Anyone with a cable or DSL modem knows how temperamental network connections can be. The Internet just stops working, and the only way to get it going again is to unplug it for 15 seconds. (Or, put another way, “Have you tried turning it off and on again?”)

Thankfully, better solutions exist for professional data centers than consumer-grade modems, but problems can persist.

As a company that does reliable messaging, we’ve really heard it all. Don’t worry, the names will be changed to protect the innocent.

A registered ISP had two routers: a primary and a backup. One day, the primary router malfunctioned. They switched to the backup, only to find that its routing tables had not been updated in a very long time. For many customers, that was the day the Internet died.

In another case, a project used an Oracle database. Everything worked great in the development environment, but in production there was an additional load balancer and firewall. Every once in a while, the load balancer would silently drop TCP connections to the database. These faulty connections continued to sit in a connection pool, so the next time somebody needed a connection, they would get an exception.

Just recently, on June 12, a single ISP in Asia broke the Internet for a big section of the world, creating Internet problems in Europe.

In general, you can’t trust any network, no matter how local or global. Hardware, software, and security can all cause issues. This is codified in the 1st fallacy of distributed computing: the network is reliable.

This is especially problematic for HTTP communication or any request/response or remote procedure call (RPC) style of communication.

Consider the following simple web service call:

var svc = new MyService();
var result = svc.Process(data);

How do you handle an HttpTimeoutException? This is an exception that’s generated on the client side when there’s a problem, but you can’t know what went wrong because you haven’t gotten a response.

Data can get lost when sent over the wire. It’s possible that the web service call actually succeeded but the response got lost somewhere on the Internet. If the web service represents an idempotent operation (a process that can be repeated without any adverse side effects), then it can simply be retried. But what if that process charges a credit card?

From Udi Dahan's free Distributed Systems Design Fundamentals video course

🔗Solutions

To provide a truly reliable system, you must accept that cross-network communication will not always be possible. Because we can’t guarantee that an attempt at communication will be successful, we need to provide a facility to automatically retry after failures. To protect against failure while in the midst of a retry, we can use a pattern called store and forward. Instead of directly sending data to a remote server, we can store it in local storage. This way, when we boot up again, we are ready to continue right where we left off. We can use transactions to ensure that we keep retrying until processing succeeds.

This rises above the level of a simple retry loop around a web service invocation, which would fail if the server it was running on crashed. We need additional infrastructure to make these guarantees.

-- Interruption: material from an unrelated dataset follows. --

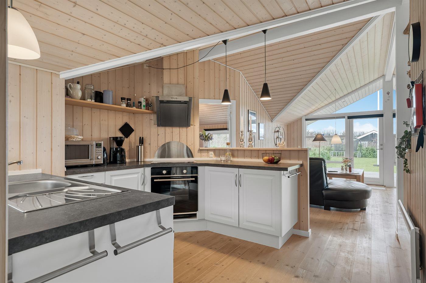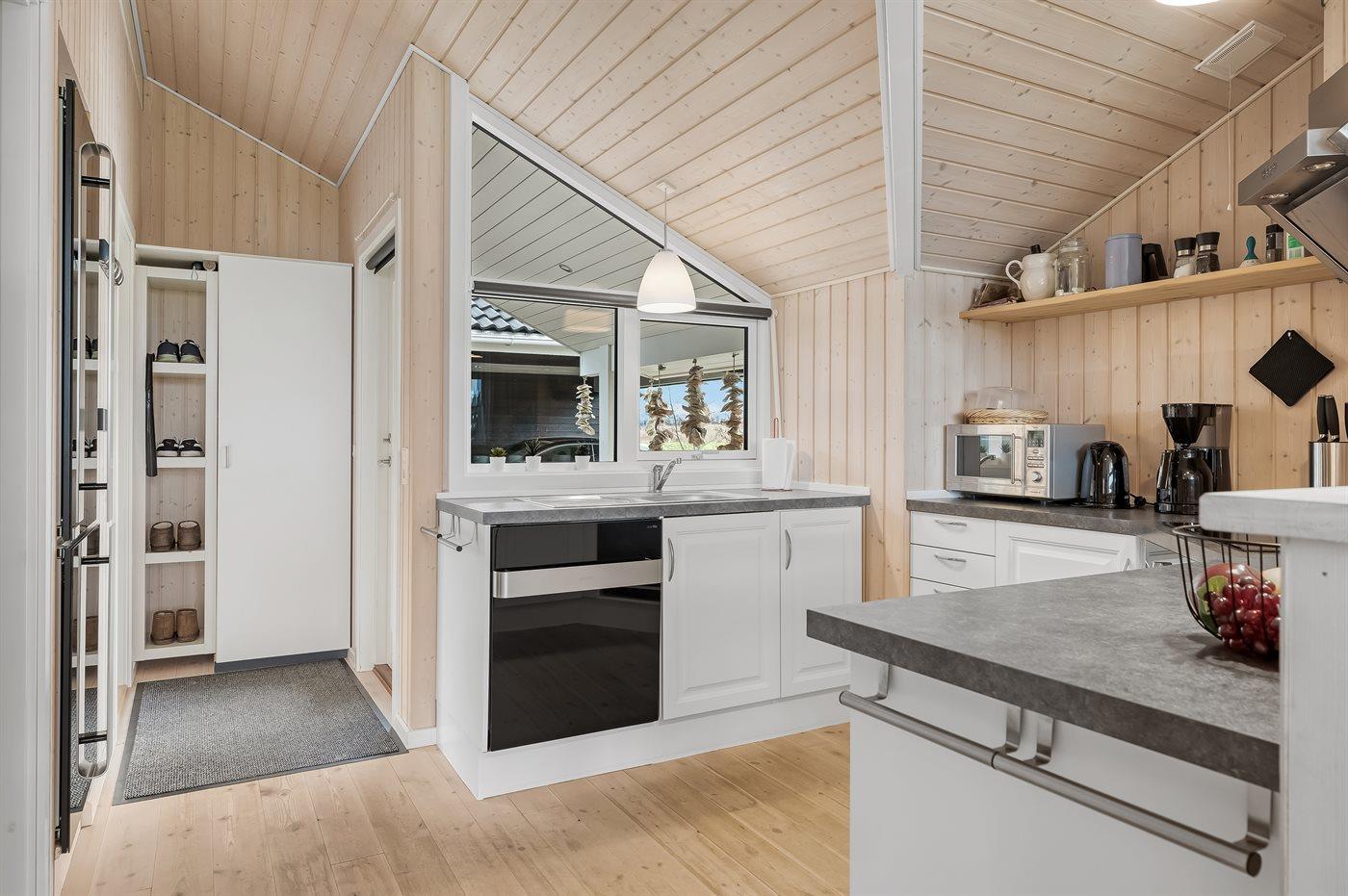 Køkkenet er udstyret med 1 køleskab. Der er 4 keramiske kogeplader, varmluftovn, mikrobølgeovn samt opvaskemaskine.

Design systems resistant to unreliable networks: Get FREE access to Udi Dahan's Distributed Systems Design Fundamentals video course for a limited time.

🔗Asynchronous messaging

There are many different technologies out there, called reliable messaging or message queuing systems, that solve these types of problems. On the Microsoft platform, the best known one is Microsoft Message Queuing (MSMQ), and on Azure, there is Azure Queue Storage and Azure Service Bus. Outside the Microsoft ecosystem, there is RabbitMQ, ActiveMQ, and ZeroMQ. Basically anything with “MQ” at the end is an indication that the product fits within this family of technologies.

These queuing technologies wrap up something like a web service call into an isolated, discrete unit of work called a message. The message queue employs store and forward to ensure that the message gets to where it needs to go. It can facilitate automatic retry, as message processing can be attempted over and over, even after a system crash. Some even support transactions, so that the message is only fully consumed if the business transaction is successful. This way, a guarantee can be made that each message is successfully processed exactly once.

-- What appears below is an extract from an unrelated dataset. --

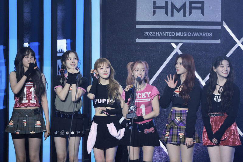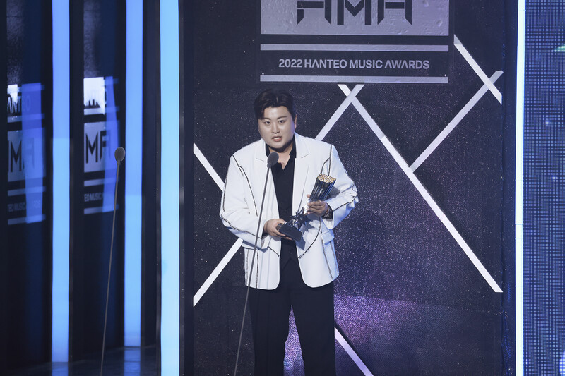 These photos, provided by Hanteo Music Awards, show Kang Daniel, STAYC, and Kim Hojoong receiving Artist of the Year at the 30th Hanteo Music Awards. BLACKPINK, Seventeen, Stray Kids, aespa, and NCT 127 also received Artist of the Year.

Techniques exist to enable “exactly once” processing in in environments like the cloud, where distributed transactions are not feasible, but that is outside the scope of this text.

Queuing technologies hold an additional advantage over a simple retry loop. For example, if we were attempting to create a customer and received an HTTP timeout, we would have no way of knowing if the server received the data and was simply unable to respond or if, rather, the data never arrived at all.

Retrying brings with it the possibility for server-side duplication. If we retry the attempt to create the customer, we may accidentally create the customer twice.

Message queues bring with them the concept of a message ID so that the server can decide whether an attempt is a retry or not. In essence, messaging allows deduplication on the server side.

🔗Abandon request/response

Asynchronous messaging requires a slight change in thinking because it does not provide the ability to do the traditional request/response seen in typical web service calls.

Sending a message to a message queue is a fire-and-forget operation. You drop a message in a queue, and eventually it makes its way to the server and the server will process it. You do not get an immediate return value on the next line of code.

Ultimately, by solving certain infrastructure issues, asynchronous messaging forces you to redesign the logical flow of your system.

This is the difficult leap of queueing technologies: not that they have an API that is difficult to use (they don’t), but that they require letting go of more traditional request/response programming models.

Unfortunately, you can’t just take a system using HTTP, plug in a queue, and ship it. It requires a significant redesign, and sometimes rewrite, of your system.

That can be scary, but the results are worth it.

🔗Summary

Compared with a few decades ago, networks are fairly reliable — except for when they’re not. As we continue to build larger and more globally distributed systems, we make ourselves susceptible to all the bad things that can happen.

In order to deal with this, we’re going to have to move away from synchronous request/response-type programming. The object-oriented model of invoking a method (known as remote procedure call, or RPC) tends to break down to conditions when the network is unreliable, putting our system into a non-deterministic state that is very difficult to get out of.

In the last several decades since the creation of the first computer networks, we have been unable to completely solve the problem of network reliability. It stands to reason that this will not change in the next 5–10 years. We need to learn to build systems that will work in this environment today.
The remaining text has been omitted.